Tql Query Operators

Tops' QueryLanguage. See TqlRoadmap for an introduction.

QUERY OPERATORS

None of the following operations change the table they act on (updates will be described at a later time). Thus, they follow the functional programming "no side-effects" rule. Generally the operations return another (virtual) table. "RT" is short for "result table". The final returned query result ("result set") is that value of the last operation. "Expr" is an abbreviation for "expression". The descriptions below assume familiarity with TqlColumnTables.

For expressions, if an operation involves 2 tables, such as Join, then one can supply "a." and "b." prefixes to column names to distinguish between the first table and the second. If not supplied, the interpreter assumes "a." if there is a naming conflict, meaning the first table is assumed[3]. See TqlPrefix for details.

Here's a brief summary of the most common SMEQL operators roughly in order of importance:

calc(table, columnTable) // similar to SELECT clause in SQL
filter(table, expression) // similar to WHERE clause in SQL
group(table, columnTable) // roughly similar to GROUP BY in SQL
join(table_1, table_2, expression)
orderBy(table, columnTable, [sequenceColumn]) // sorts or produces sequence numbers
union(table_1, table_2)

DESCRIPTIONS (Full list)

Calc

  RT = calc(table, columnTable)

Purpose: Alter, filter, or rename columns. Similar to SQL "Select" clause.

table: Input table

columnTable: A column table with at least "expr" and "col" columns. (See TqlColumnTable)

Example: Combine the values for two regions into one column.

rt = calc(byRegion, [productID, (northTotal + southTotal) total])

Table: byRegion

productID northTotal southTotal --------------------------------- 10 20 10 11 100 200 12 15 15 13 10 25

table: rt

productID total ---------------- 10 30 11 300 12 30 13 35

Notes: An empty column table is equivalent to "*" in SQL's SELECT, thus "calc(myTable,[])" is comparable to "SELECT * FROM myTable".

Filter

  rt = filter(table, expr)

Purpose: Filter rows by a given boolean expression [2]. Similar to SQL "Where" clause.

Join

  rt = join(table_1, table_2, expr)

(thorough description coming later)

Note: If columns between the two tables have the same name, the first table's column will be assumed. If an alias is needed to preserve columns, then use the Calc operation first to generate an alias. The "a." and "b." notation (described above) can also distinguish between columns of the two tables with "a." for the left-side table and "b." for the right-side table[1][3].

leftJoin

  rt = leftJoin(table_1, table_2, expr)

(thorough description coming later)

Note: Overlapping columns are subject to the same rules as the "Join" operator.

Group

  rt = group(table, columnTable)

Purpose: Provide aggregate information. Similar to SQL's GROUP BY option.

table: Input table

columnTable: A column table. "Compute" can only be used if all values are the same for the given group. If not, an error is triggered. (Such duplication may suggest bad normalization of table design, but in practice one is often stuck with bad designs and must find ways to live with them.)

Example: grades = group(exams, [studentID, avg(score) grade]) // average grade per student

Note that the "groupingExpr" parameter has been removed from the draft because it appears to be unnecessary. It would have been an expression that determines how to group related items. If the expression is blank, a totalling is assumed (one result record).
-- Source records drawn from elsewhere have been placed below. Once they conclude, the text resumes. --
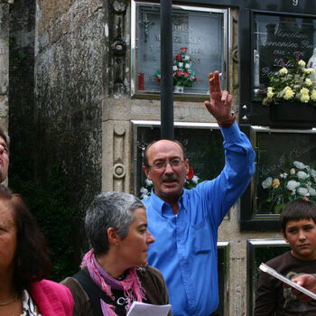 Miguel no campanario facendo o seu repique no encontro Campás e Campaneiros (2009) organizado pola asociación Os Chichcisos en Pazos de Barbén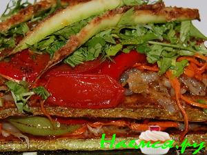 Кабачок порезать на две части. Каждую нарезать вдоль, посолить.Промакнуть и обжарить в сковороде, на растительном масле с двух сторон.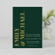 A simple minimal wedding invitation featuring elegant bold typography gold foil names, emerald green colour and contemporary design.
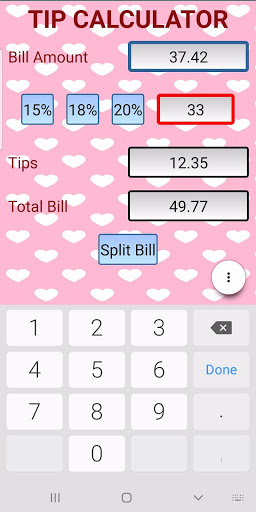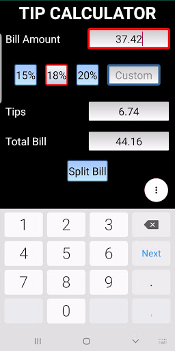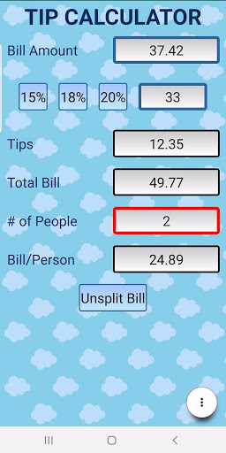 This application comes with the most commonly used tip percentages and the ability to even input a custom one. The final total can be split among your group.

See discussion below about the reason for removal.

Order By

  rt = orderBy(table, columnTable, [infoColumn])

Purpose: To sort results, or at least provide a sequence number. The orderBy function generates:

An optional sequence number that starts at 1.
If the orderBy is ASCending, 'A' will have a lower "order" number than 'Z' (assuming ASCII character set).
If the orderBy is DESCending, 'A' will have a higher "order" number than 'Z' (assuming ASCII character set).

table: Virtual or actual table to performing ordering on.

columnTable: Used to determine sorting criteria and ranking. The "order" column determines the sort ranking. If you need to sort on an expression instead of just columns, use the Calc operation first. If the column table is empty, sorting on the primary key is assumed. More on this in "Notes" below. Use "DESC" or "DESCENDING" as the expression for descending order.

infoColumn: An optional column name (string expression) that produces a column that stores the sequence number resulting from the sorting. Sorting is not generally recognized as a "true" relational operator. But, an operator that returns a sequence can still be a valid relational operator, and has many uses.

Notes: The primary key is assumed to be tacked on to the "end" of the sorting criteria. This ensures that the results are deterministic, a requirement of relational theory. Thus, if two columns are specified as the sorting criteria, the primary key is assumed to be the third column (and more if the key is compound). It also means that sorting is on the primary key if no explicit sorting criteria are given.

Sorting in the middle of a multi-operation query is generally futile if a specific output order is expected; for only the final operation affects the actual result order (if supported). However, the "infoColumn" value can still be used for other later computations if "in the middle" since it is a reference-able column in the resulting intermediate table or final result.

To ponder: Should it be "order" instead of "orderBy"?

Cols

 rt = cols(stringExpr)

Purpose: Converts a string with column-related information into a Column Table. Generally considered a "syntactic convenience operation". See description given earlier [relink]. It may be abbreviated "c", which is a shortcut version of the same operation. This is because it is used so frequently.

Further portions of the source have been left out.